Bölge Baroları toplandı
Diyarbakır Baro Başkanı Tahir Elçi’nin ölümüyle ilgili sır perdesinin aralanmasının istendiği açıklamada, Türkiye'nin iç ve dış siyasetindeki en temel açmazın Kürt sorunu olduğu vurgulandı.
Diyarbakır Barosu ve Bölge Barolar Birliği Üyeleri, Adli Yıl açılışı nedeniyle Diyarbakır’da toplandı.
Muş Baro Başkanı ve Bölge Borlar Birliği Dönem Sözcüsü Av. Feridun Taş, günün anlam ve önemine yönelik bir açıklama yaparak, Diyarbakır Baro Başkanı Tahir Elçi’nin ölümüyle ilgili sır perdesinin aralanmasını istedi.

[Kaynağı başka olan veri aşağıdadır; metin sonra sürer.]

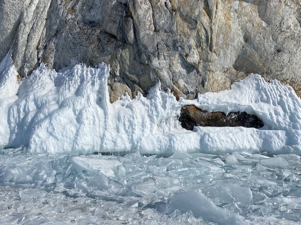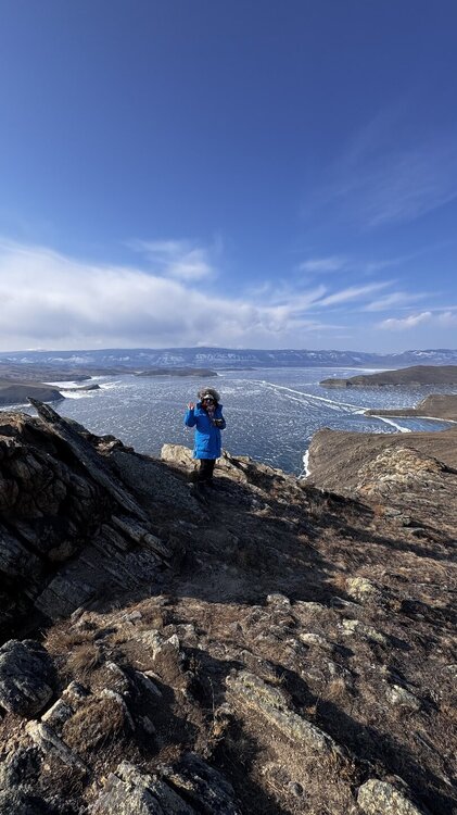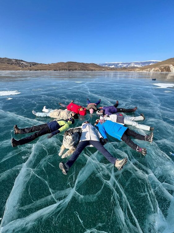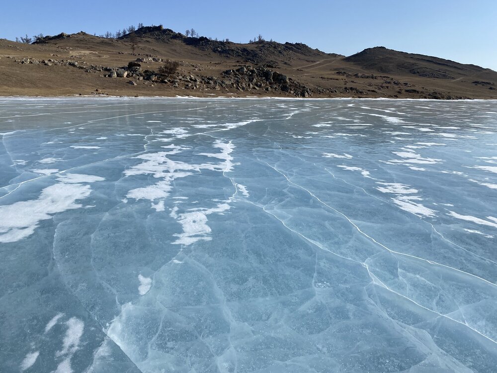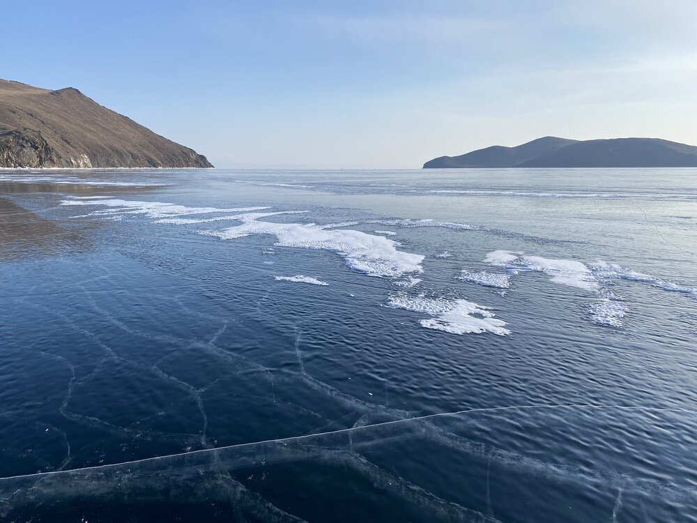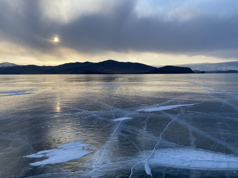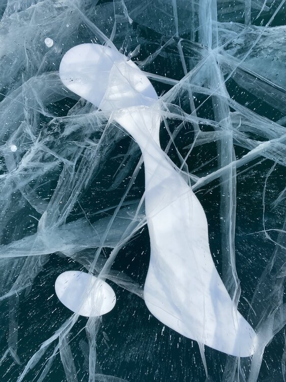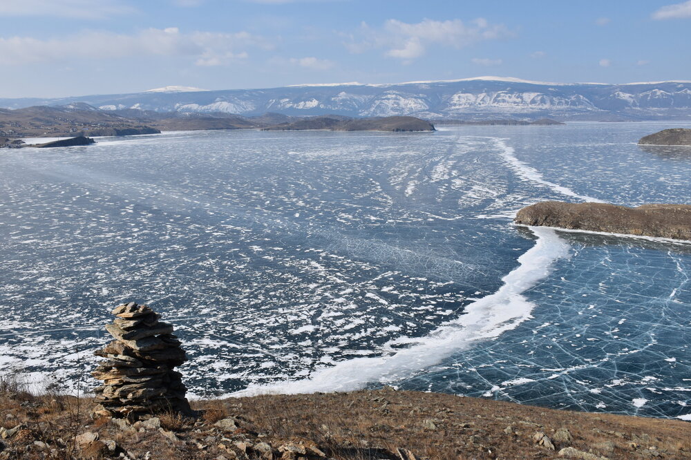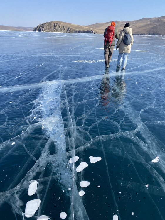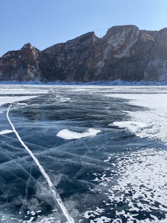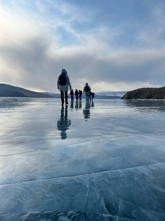 День 4. 12.03.2025 Сегодня наш день снова посвящен Льду! Вчерашний ветер Сарма сдул со льда снег. И если в первый выход было много снежных участков, то сейчас – перед нами почти идеальное зеркальное полотно! Хотя снежные участки для первого выхода – это больше плюс. Они помогали мне не скользить и побороть свой страх. В программе - поход на Мыс Уншуй острова Ольхон, Большое море. Гуляем по новым, весьма живописным окрестностям, а также поднимемся на скалу, что расположена над мысом Уншуй – с её вершины будет очередной, потрясающий вид на ледовую гладь Байкала. Активная часть треккинга: 20,1 км пешком, перепад высот 450-500 м, продолжительность похода 6-7 часов. В этом году лед образовался поздно, он тоньше и больше пропарин, поэтому в Большое море мы не выходим. Но вечером мы взяли дополнительную экскурсию на хивусе, который с легкостью вывез нас на большую глубину. Лед там отличается от Малого моря. Идем мы по проливу Ольхонские ворота. Это небольшой по ширине пролив, разделяющий материк и остров Ольхон. С одной стороны, он уходит в Малое море, с другой – в основную часть Байкала. На бурятском пролив называется Аман, что в переводе означает «рот» или «зёв». Иногда ещё можно встретить старое название – Ольхонский зунд. Длина пролива составляет 8,3 километра – это расстояние от мысов Улан и Кобылья голова до выхода в Большое море Байкала. Ширина наиболее узкого участка Ольхонских ворот – 1,2 километра. Именно на этом отрезке и находится паромная переправа на Ольхон. Средняя глубина пролива составляет 30-40 метров, а у южного входа, в окрестностях мысов Уншуй и Крест, она может достигать 100 метров. Течение здесь не такое, как на остальном Байкале. С северо-западной стороны находится Сарминское ущелье, откуда буйными порывами вырывается сильнейший одноименный ветер. Поэтому вода здесь находится в непрерывном движении, а волны порой могут достигать 5 метров высотой. В 2005 году на дне вдоль пролива Аман был проложен высоковольтный кабель, по которому на остров Ольхон поступает электричество. Ольхонские ворота – необычайно красивое и опасное место. Берега здесь круты и обрывисты, а вокруг них постоянно гоняет ветер и бьются волны. Зимой прибрежные скалы покрываются льдом и превращаются действительно нечто, похожее на сказочные ворота. Не удивительно, что туристы из года в год делают на Ольхонских воротах памятные, красочные фото. На побережье пролива Аман много узких заливов и небольших бухточек. Некоторые из бухт покрупнее – длиной 3-4 километра, но большинство все же совсем маленькие. На материковой части стоит посетить такие бухты, как: Тутай; Куркутская; Базарная. Со стороны Ольхона наибольший интерес представляют заливы Хул и Загли. Они закрыты от ветра и прекрасно подходит для стоянки судов в плохую погоду. Сегодня я выискиваю на льду необычные фигуры.
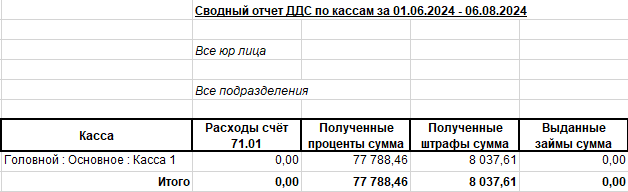 Отчет выводит суммарные данные погашения займов по кассам с разбивкой по полученным процентам, полученным штрафим и выданной сумме займа.

Daha sonra söz alan Diyarbakır Baro Başkanı Yardımcısı Ahmet Özmen, yeni bir Adli Yıla ve 1 Eylül Dünya Barış gününe girerken, yeni adli yılın ve dünya barış gününün, ülkemize, milletimize, insanlığa ve dünyaya, barış, sağlık ve mutluluk getirmesini dilediğini söyledi.
“SORUNU AŞMANIN YEGANE YOLLU BARIŞTIR”
Özmen, Baro Başkanları Tahir Elçi’nin hunharca bir kurşunla katledilmesinin hemen akabinde bölgede ve özellikle de Diyarbakır’da aylarca süren çatışmalar yaşandığını belirtti.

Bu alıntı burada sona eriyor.